Is there always a prime $p$ so that the largest prime factor of $p^2+i$ not exceeding $p$ for $-k\leq i \leq k$? Define $f(n)$=the largest prime factor of $n$. For example, $f(28)=7.$

Question: Is it true that for any given integer $k>0$, we can find a prime $p>\sqrt k$ so that 
  $$f(p^2-k)\leq p,f(p^2-k+1)\leq p,\dots,f(p^2+k)\leq p~?$$

For example, if $k=6,$ we can take $p=660683,$ since $\{f(660683^2+i)\mid i=-6,-5,\dots,5,6\}=\{76493,53441,132137,278413,19289,55057,660683,614333,73483,43177,3049,273929,171553\}.$
Thanks in advance!
 A: I don't have a proof, but I do have a heuristic argument that the statement is true, as well as some asymptotic estimates on the size of $p$ as a function of $k$.
First, define an unusual number to be a number $n$ whose largest prime factor is strictly greater than $\sqrt{n}$.  One of the requirements in your question is related to unusual numbers:
Proposition. Let $k\geq 0$ be an integer, let $p \geq \dfrac{k-3}{4}$ be an odd prime, and suppose that the set
$$
\{p^2-k,\;p^2-k+1,\;\ldots,\;p^2+k\}
$$
contains no unusual numbers.  Then no element of this set is divisible by any prime number greater than $p$.

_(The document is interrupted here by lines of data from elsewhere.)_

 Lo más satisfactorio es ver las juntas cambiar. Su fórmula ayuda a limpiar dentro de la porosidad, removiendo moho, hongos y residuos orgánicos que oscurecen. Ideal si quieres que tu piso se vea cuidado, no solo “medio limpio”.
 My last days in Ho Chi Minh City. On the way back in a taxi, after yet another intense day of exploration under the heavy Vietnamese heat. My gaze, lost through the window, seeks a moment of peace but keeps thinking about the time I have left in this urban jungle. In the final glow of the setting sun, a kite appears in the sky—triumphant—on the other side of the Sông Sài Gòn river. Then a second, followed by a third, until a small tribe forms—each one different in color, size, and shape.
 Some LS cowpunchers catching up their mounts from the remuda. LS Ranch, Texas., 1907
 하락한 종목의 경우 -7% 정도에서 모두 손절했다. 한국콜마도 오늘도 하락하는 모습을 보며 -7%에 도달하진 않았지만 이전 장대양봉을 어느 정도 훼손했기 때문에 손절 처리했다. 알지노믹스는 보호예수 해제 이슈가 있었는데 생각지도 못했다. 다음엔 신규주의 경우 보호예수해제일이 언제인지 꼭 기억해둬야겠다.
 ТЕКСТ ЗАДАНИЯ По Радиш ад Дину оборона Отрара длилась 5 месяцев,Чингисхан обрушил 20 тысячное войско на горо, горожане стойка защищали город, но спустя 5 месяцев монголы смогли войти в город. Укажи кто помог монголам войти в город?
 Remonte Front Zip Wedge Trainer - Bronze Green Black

Proof: Let $n$ be an element of the set, and let $q$ be the largest prime number dividing $n$.  Since $n$ is not unusual, we know that
$$
q \;\leq\; \sqrt{n} \;\leq\; \sqrt{p^2+k} \;\leq\; \sqrt{p^2+4p+3} \;<\; \sqrt{p^2+4p+4} \;=\; p+2.
$$
Since $q$ is prime and $q < p+2$, it follows that $q\leq p$.$\quad\square$
Now, this paper by John G. Kemeny gives asymptotic estimates on the frequency of unusual numbers.  Specifically, if $u(n)$ denotes the number of unusual numbers less than or equal to $n$, then Kemeny proves
$$\
\lim_{n\to\infty} \frac{u(n)}{n} \;=\; \log 2.
$$
That is, the probability that a given number is unusual is about $\log 2 \approx 69.31\%$.  (Note: This result had previously been announced by Schroeppel in an unpublished 1972 memo, but Kemeny's paper seems to be the first published proof.)
Thus, roughly speaking, the probability that the set
$$
\{p^2-k,p^2-k+1,\ldots,p^2+k\}
$$
has no unusual numbers is $(1-\log 2)^{2k}$.  This value does not depend on $p$, so eventually there ought to be a prime number $p$ for which the corresponding set is free of unusual numbers.

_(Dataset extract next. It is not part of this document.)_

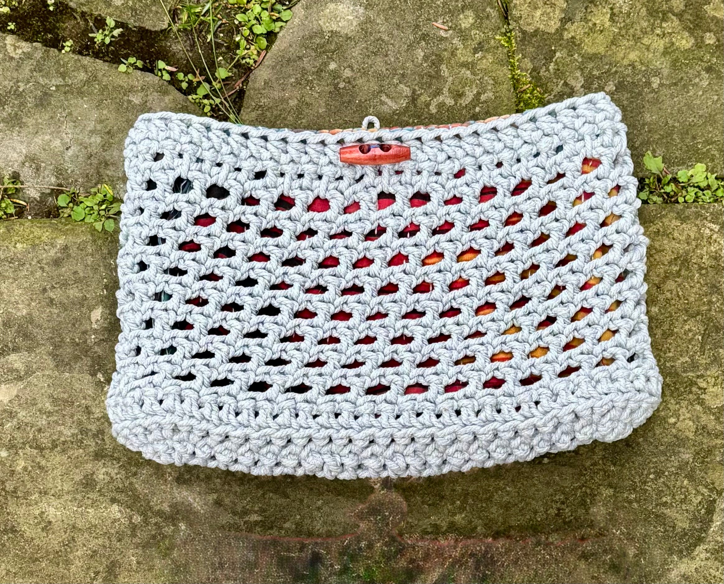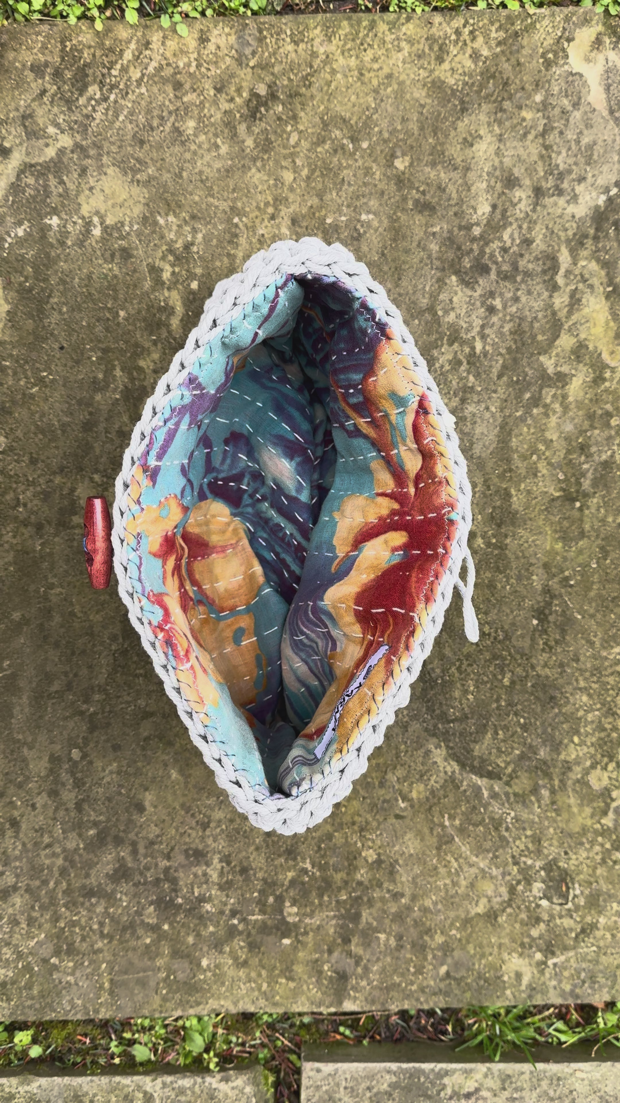 Made with gray organic cotton, lined with Kantha and fastened with a wooden toggle

Of course, such heuristic reasoning should always be taken with a grain of salt.  Similar heuristic arguments can be made for the Twin Prime Conjecture and Goldbach's Conjecture, and these are major open problems.
By the way, the reasoning above gives us some rough estimates on how large $p$ needs to be as a function of $k$.  In particular, given a value of $k$, there ought to be (with $>50\%$ chance) a corresponding value of $p$ somewhere in the first $(1-\log 2)^{-2k}\log 2$ primes.  This predicts that there should  to be a value for $k=7$ in the first $11$ million primes, and a value for $k=8$ in the first $112$ million primes.

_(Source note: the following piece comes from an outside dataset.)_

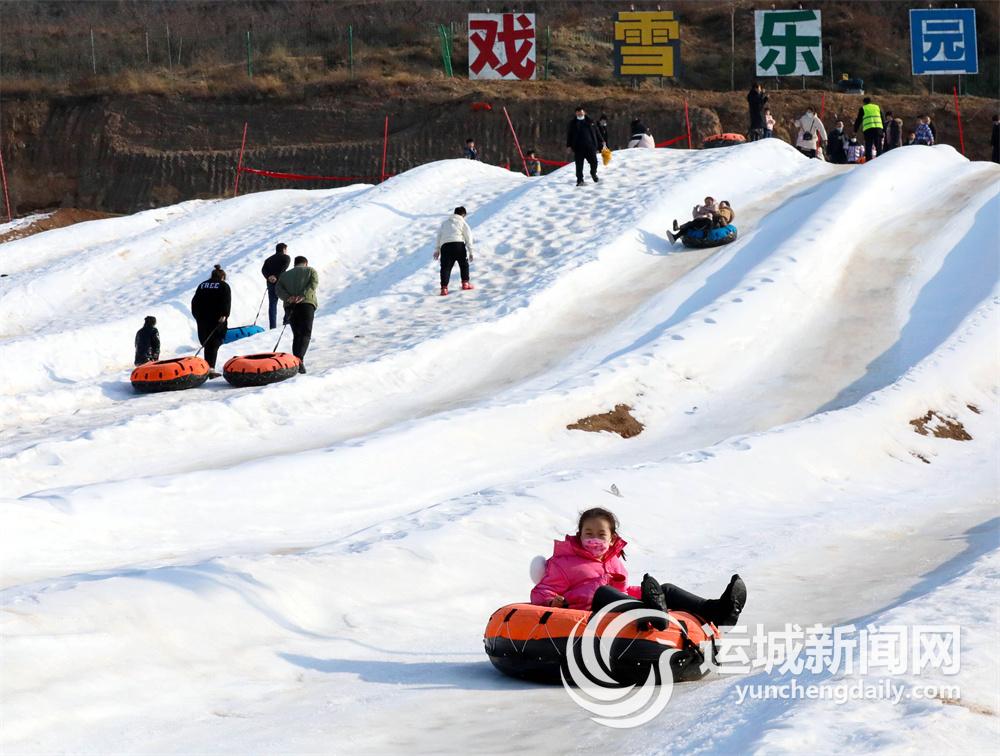 1月19日,游客在岚山根·运城印象景区戏雪乐园游玩。

Edit: After a lengthy computer search, I have found that $83\text{,}323\text{,}327$ works for $k=7$, and $383\text{,}155\text{,}211$ works for $k=8$.  (Primes for $k=1,\ldots,6$ were given in the comments above.)  These numbers are the $4\text{,}851\text{,}928$'th and $20\text{,}485\text{,}208$'th primes, respectively, which agrees roughly with the asymptotic predictions above, although both arrived a bit early.  The prediction for $k=9$ is that it will be satisfied by one of the first $1.2$ billion primes.